(Dataset items)
'''
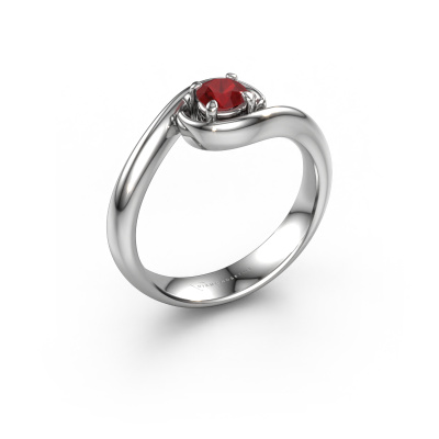 In your eyes, no one else compares to her. She is one in a million, unlike anyone else and pure? These qualities are emphasized perfectly by our modern white gold solitaire ruby ring. This ruby is carefully selected by our keen artisan goldsmiths. It equals the unique qualities of the love of your life. There is no better way to memorialize your proposal than this symbol of true love. The ring shown above is called the Linn, we call this a solitaire ring because it contains a single gemstone. The engagement ring is made in 14 Carat white gold and has a round ruby of 4.2 mm. Each piece of jewellery is unique in every way! Simply customize to your likingAfter receiving your order, our goldsmiths will passionately start the creative process of making your engagement ring in our own studio. Because we don't have a big stockpile, these costs will not be passed on to you. Our pricing is proof of that! We offer top quality jewels at lowest price, guaranteed.Our team adds new designs to our online collection daily. Our designers and goldsmiths work together in creating the best design. We strive to offer a diverse collection of jewels. Perhaps you have a specific jewel design in mind. One you came across somewhere. Please contact us for a free consultation. We will make you an offer, based on a fair price/ quality ratio, that will baffle you.To make it easier for you, we offer a 30 day return policy. Check our terms and conditions.
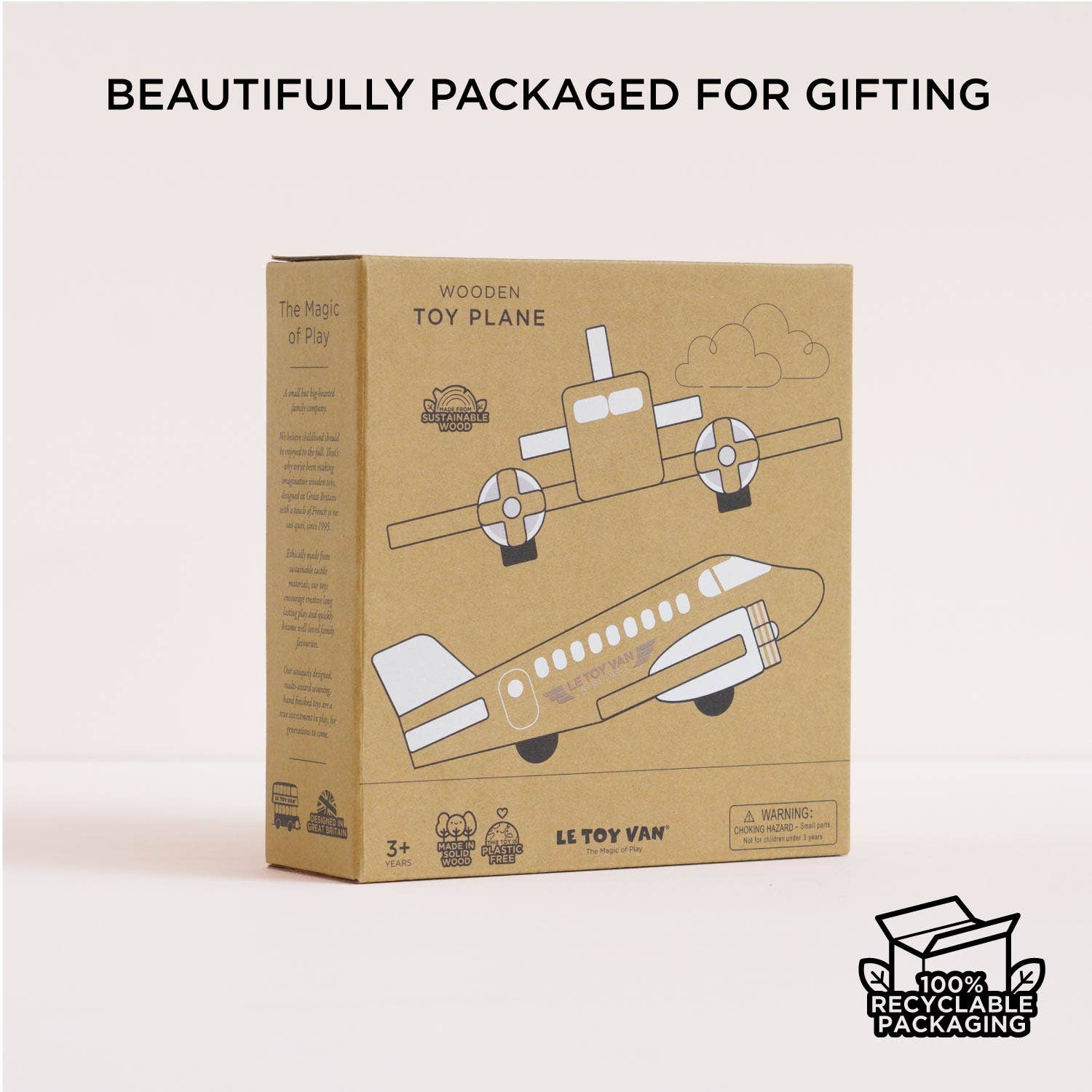 It has spinning propellers and is crafted from FSC® wood which is exposed to show its natural grain and beauty. Embellished with engraved details and white accents, embark on a flight of aesthetic delight.
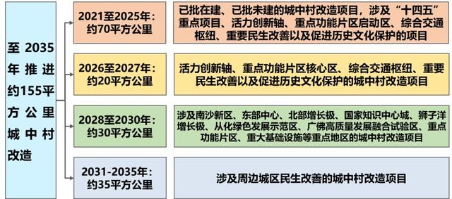 《專項規劃》統籌新增用地與存量用地資源配置,規劃至2025年,累計推進城市更新約130平方公里(含城中村改造70平方公里);至2030年,累計推進城市更新約230平方公里(含城中村改造120平方公里);至2035年累計推進城市更新約300平方公里(含城中村改造155平方公里),通過微改造、混合改造、全面改造多種方式并舉,推動低效存量土地的盤活再利用。
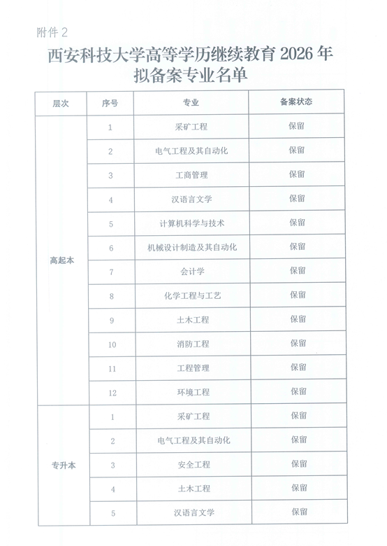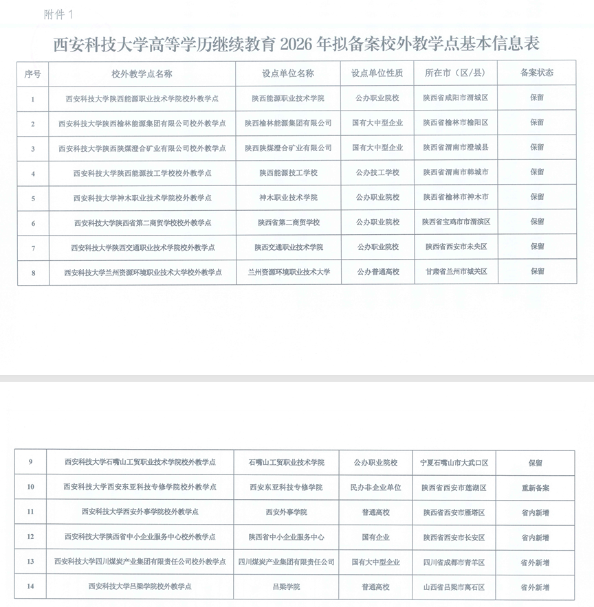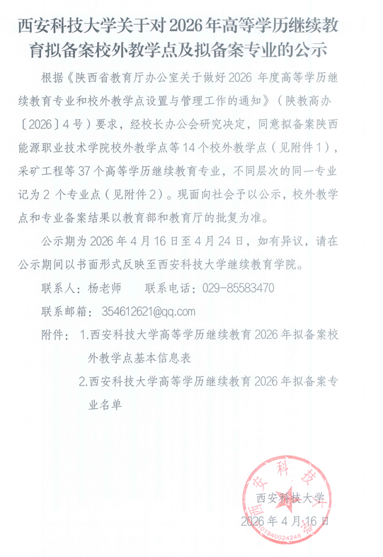 西安科技大学关于对2026年高等学历继续教育拟备案校外教学点及拟备案专业的公示
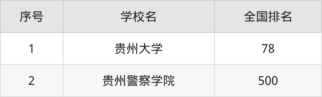 本文以校友会2026年大学全国排名为参考依据,列举贵州省内一本大学的全国排名情况,其中排名前2的是:
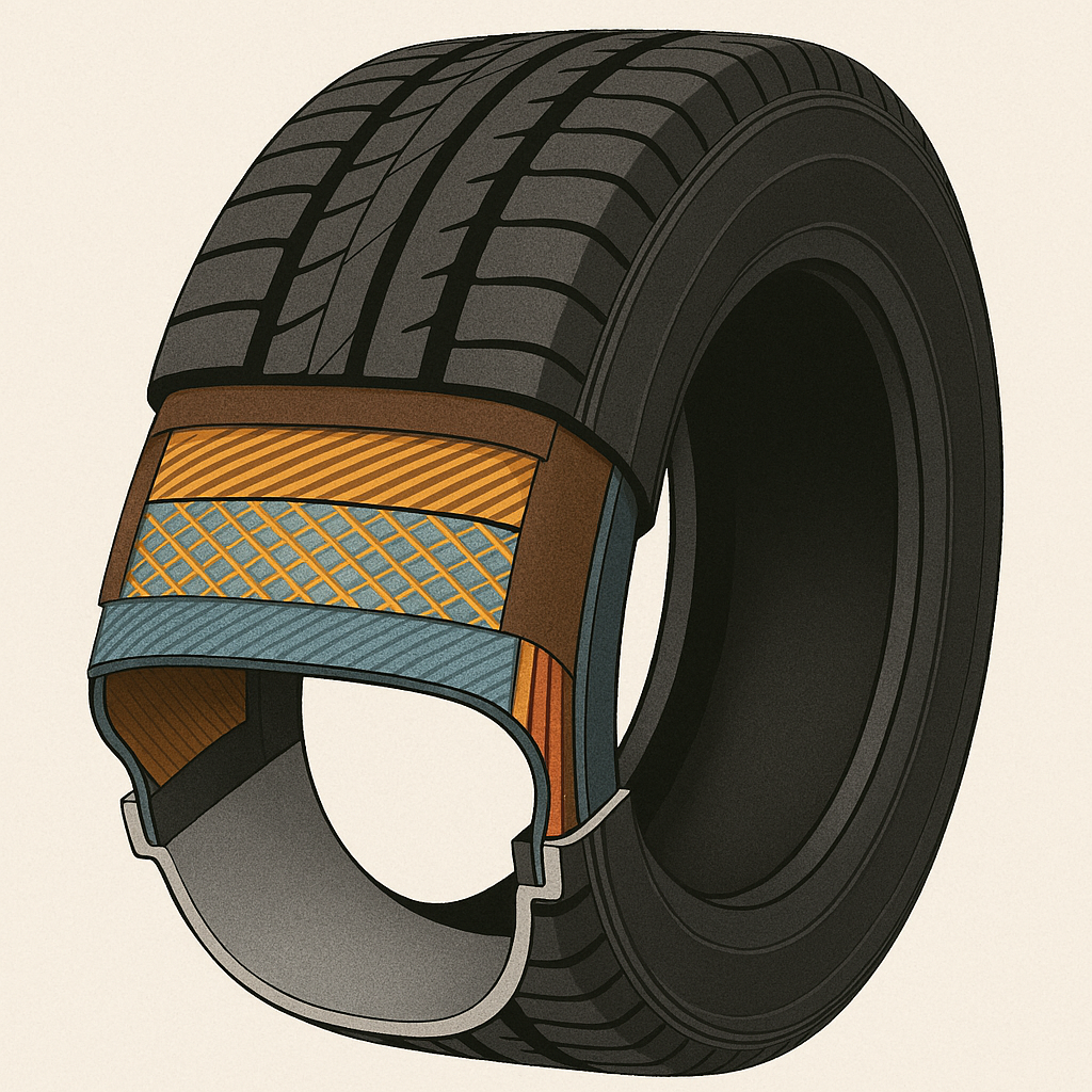ではなぜピンチカットが起こるのかを説明しよう。タイヤ内部には空気圧を一定に保ち、タイヤの形状を維持する「カーカスコード」と呼ばれるパーツがある。これは何らかの原因で破損し、タイヤの側面の形状が保てなくなった結果、カーカスコードが破損した場所がこぶ状のふくらみとなるのだ。
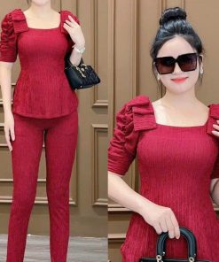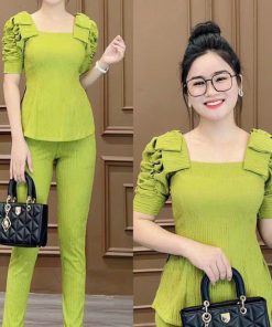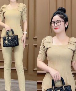 SET BỘ ĐỒ NỮ THUN XỐP ÁO TAY PHỒNG QUẦN DÀI ỐNG ÔM SA137 – SAM FREESIZE < 55KG
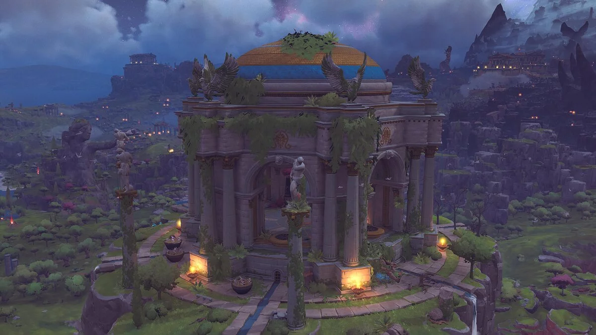 Четыре основных региона принадлежат богам, которых нам и предстоит спасать. У каждого из них своя атмосфера: на территории Афродиты вечно царит весна и цветут сады, в землях Гефеста расположена огромная кузница и повсюду застыли автоматоны, логово Ареса выглядит как одно большое побоище, а Афина может похвастать величественным архивом и памятниками.
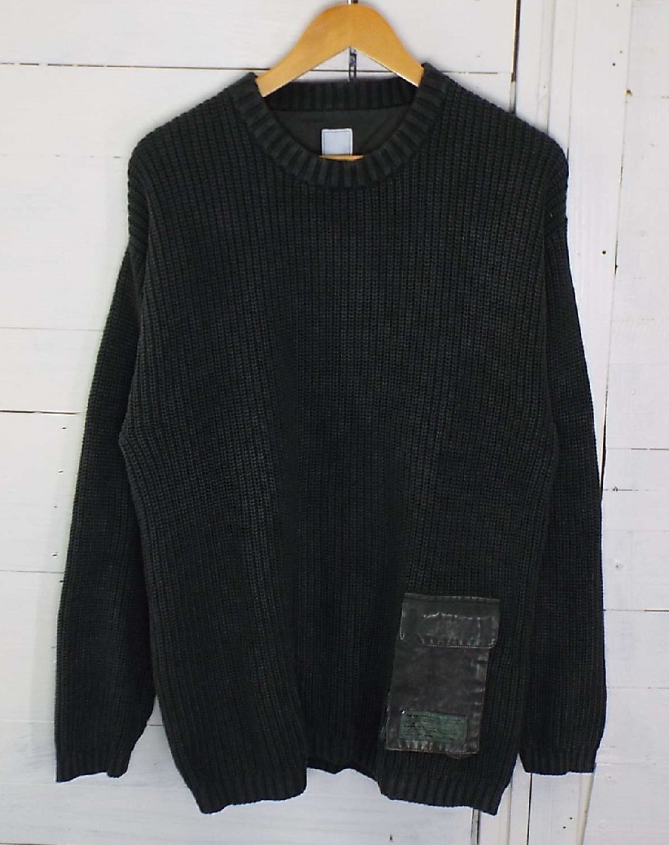 > T3369〇Liberaiders(リベレイダース)ニット 長袖 ガーメントダイ プルオーバー ミリタリー コットン カーキ Mサイズ
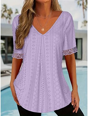 Per donna Maglietta Pizzo Ricamato Semplice Elegante Moda Moderno Manica Corta Scollo a V Top Regolari Quotidiano Weekend Blu Rosa Viola Estate Primavera
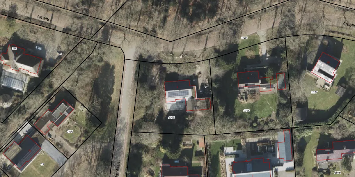 Het perceel waarop Amelte 6 staat heeft een oppervlakte van 1758 m². Dit is een zeer groot perceel. De perceeloppervlakte wordt geregistreerd door het Kadaster. Gedetailleerde informatie over de maten van dit perceel kunt u vinden in het rapport Kadastrale kaart met maatvoering van Amelte 6.
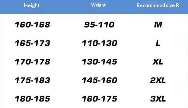 Sizes: M, L, XL, 2XL, 3XL
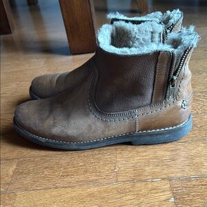 Suede uppers, side zip, man made soles
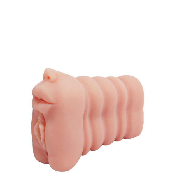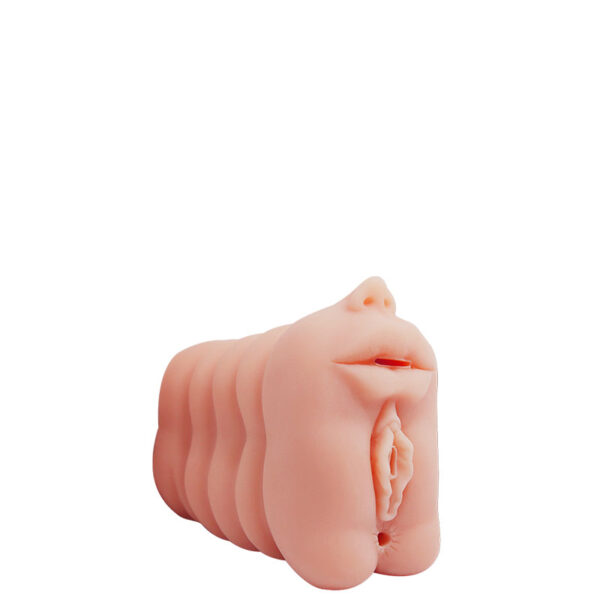 Masturbador com 3 orifícios: boca, vagina e ânus com túnel de penetração texturizado.
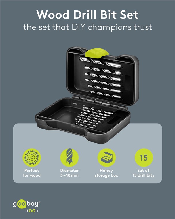 - 15x scharfe Bohrer für Durchgangs- und Sacklochbohrungen in Weich- und Hartholz, perfekt für die Möbelmontage oder für Schrauben- und Dübellöcher
'''
What the exercise asks:
Set down exactly, line for line, the data from the line that contains "Masturbador com 3" through its last line, keeping pictures out.

Solution:
 Masturbador com 3 orifícios: boca, vagina e ânus com túnel de penetração texturizado.
 - 15x scharfe Bohrer für Durchgangs- und Sacklochbohrungen in Weich- und Hartholz, perfekt für die Möbelmontage oder für Schrauben- und Dübellöcher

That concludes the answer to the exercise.